Эмиль сидел к ней вполоборота: ему и не нужно было на нее смотреть. Он назубок знал эту комедию, как и все прочие, которые разыгрывала Маргарита. Он улыбался смутной улыбкой, не отводя взгляда от поленьев, становившихся все чернее. Наконец встал, взял еще две чурки и подложил в камин, придав им устойчивость с помощью кочерги.

Снаружи не доносилось больше ни звука — только шелест дождя да журчание фонтанчика в мраморном бассейне. В тупике стояло в ряд семь домов, все одинаковые: в центре фасада входная дверь, слева два окна гостиной, справа окно столовой, за которой расположилась кухня. Спальни находились на втором этаже.

Еще два года назад на противоположной стороне тупика высились такие же дома под четными номерами. Их, словно картонные игрушки, смел огромный железный шар, которым орудуют при сносе зданий, и теперь пейзаж представлял собой стройку: подъемные краны, балки, камнедробилки, доски.

У троих из обитателей улочки были свои машины. Даже при опущенных ставнях слышно было, если вечером кто-нибудь уезжал. А снаружи было видно, в какой комнате расположились люди. Почти никто из жильцов не задергивал шторы, и в окнах можно было разглядеть супружеские пары, семью за столом, лысеющего мужчину, который читал в кресле под картиной в потускневшей золоченой раме, ребенка, склонившегося над тетрадью и сосущего карандаш, женщину, занятую чисткой овощей на завтра.

Вокруг стояла мягкая, обволакивающая тишина. По правде сказать, фонтан был слышен, только когда гасили в комнате свет и ложились в постель.

Дом Буэнов — его до сих пор называли домом Дуазов — стоял последним в ряду, прилегая к высокой стене, перегораживавшей тупик. У подножия стены высилась статуя — бронзовый амур с рыбой в руках. Изо рта у рыбы била тонкая струйка воды, падая в мраморную раковину.

Маргарита снова уселась в кресло перед огнем. Она уже не вязала, а, нацепив на нос очки в серебряной оправе, пробегала глазами газету, которую подобрала на полу под креслом мужа.

Черные стрелки часов медленно ползли вперед, всякий раз подрагивая и задерживаясь на цифрах 6 и 12. Эмиль не читал, никуда не смотрел, а просто сидел с закрытыми глазами: не то размышлял, не то дремал, и только иногда менял положение ног, немевших от жара. Лишь когда пробило семь, он медленно встал и, не глядя ни на жену, ни на чучело в клетке, направился к двери.

В коридоре не горел свет. Налево была входная дверь с пустым почтовым ящиком посредине, направо — лестница, ведущая на второй этаж. Эмиль повернул выключатель, прикрыл за собой дверь и отворил дверь в столовую — там было затхло и холодно. В доме было центральное отопление, но его включали только в сильные холода. К тому же столовой давно не пользовались: муж и жена ели на кухне, которую согревала газовая плита.

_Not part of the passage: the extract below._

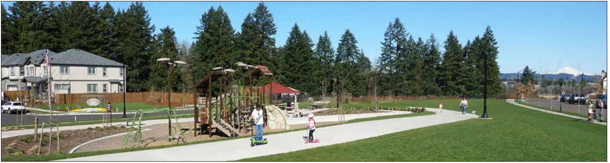
Trocadero Park in Villebois provides a view of Mount Hood among other amenities, including a play area, park shelter and skate park. The park is getting a new tennis court during an upcoming project to complete the remaining 18 acres of the community’s 33-acre linear park along the regional Ice Age Tonquin Trail.

Буэн заботливо и внимательно выключил свет в коридоре, закрыл за собой еще одну дверь и направился в сторону кухни; как только на кухне стало светло, он погасил свет в столовой. Привычку к бережливое и он перенял у жены; кроме того, у него были и свои причины гасить свет. Он знал, что, стоит ему подняться, Маргарита заерзает в кресле. Она не хочет бежать за ним по пятам. Она выжидает. Когда же она в свой черед поднимется, испустив один из тех вздохов, которыми сопровождает каждое из дневных дел, ей придется погасить свет в гостиной, зажечь в коридоре, потом опять погасить и закрыть за собой несколько дверей. Все это превратилось для них обоих в ритуал и было исполнено некоего таинственного смысла.

На кухне Эмиль Буэн вытащил из кармана ключ и отпер буфет, стоявший справа: всего на кухне было два буфета. Тот, что слева, из австралийской сосны, стоял здесь с тех времен, когда был жив отец Маргариты. Белый крашеный буфет, стоявший справа, принадлежал Буэну; его купили на бульваре Барбес.

Эмиль достал из буфета отбивную, луковицу, три палочки вареного цикория, остатки от завтрака, которые он сложил в миску. Еще он достал бутылку красного вина, наполовину уже пустую, и налил себе стакан, а потом полез за своим маслом — сливочным и растительным — и уксусом. Зажег газ, растопил кусок масла, нарезал луковицу ломтиками и, когда лук стал золотистым, бросил на сковородку отбивную.

В дверях показалась Маргарита, делая вид, что не замечает его, не подозревает о его присутствии и даже не чувствует запаха лука, которого терпеть не может. Она достала из кармашка на поясе ключ и тоже отперла свой буфет.

Кухня была невелика. Большую часть ее занимал стол. Чтобы не столкнуться, супругам приходилось двигаться с осторожностью. У них это настолько вошло в привычку, что они почти никогда не задевали друг друга. От скатертей они давно уже отказались и обходились клетчатой клеенкой, лежавшей на кухонном столе.

У Маргариты тоже была своя бутылка, но не с вином, а с укрепляющим лекарством, которое было в большой моде в начале века; отец поил ее этим снадобьем в полдень и вечером, еще когда она была молоденькой анемичной девушкой. На старомодной этикетке были изображены листья непонятно какого растения; надпись вычурными буквами гласила: “Альпийское укрепляющее”. Маргарита налила себе ликерную рюмочку этого напитка и с наслаждением пригубила.

Когда отбивная поджарилась, а овощи разогрелись, Эмиль выложил все на тарелку и уселся с краю стола, поставив перед собой бутылку, хлеб, салат, сыр и масло.

Притворяясь, что ей нет до него никакого дела, Маргарита разложила на другом конце стола свой обед: ломтик ветчины, две холодные картофелины, которые она, перед тем как положить в холодильник, завернула в фольгу и два тоненьких кусочка хлеба.

Она отставала от мужа. Бывало, один из них садился за стол, когда второй уже закончил трапезу. Но это не имело значения: все равно они друг друга не замечали. Ели они молча, так же, как делали все остальное.

Буэн был уверен, что жена думает: “Два раза в день трескает мясо! И еще нарочно лук жарит…”

Отчасти так оно и есть. Он любит лук, но не настолько, чтобы дня без него не обойтись. Иногда, чтобы ее позлить, он готовил себе изысканные блюда, над которыми приходилось колдовать час, а то и два. Для него это имело большой смысл. Это доказывало, что он не теряет аппетита, что он такой же гурман, как раньше, и ему не в тягость стряпать для самого себя.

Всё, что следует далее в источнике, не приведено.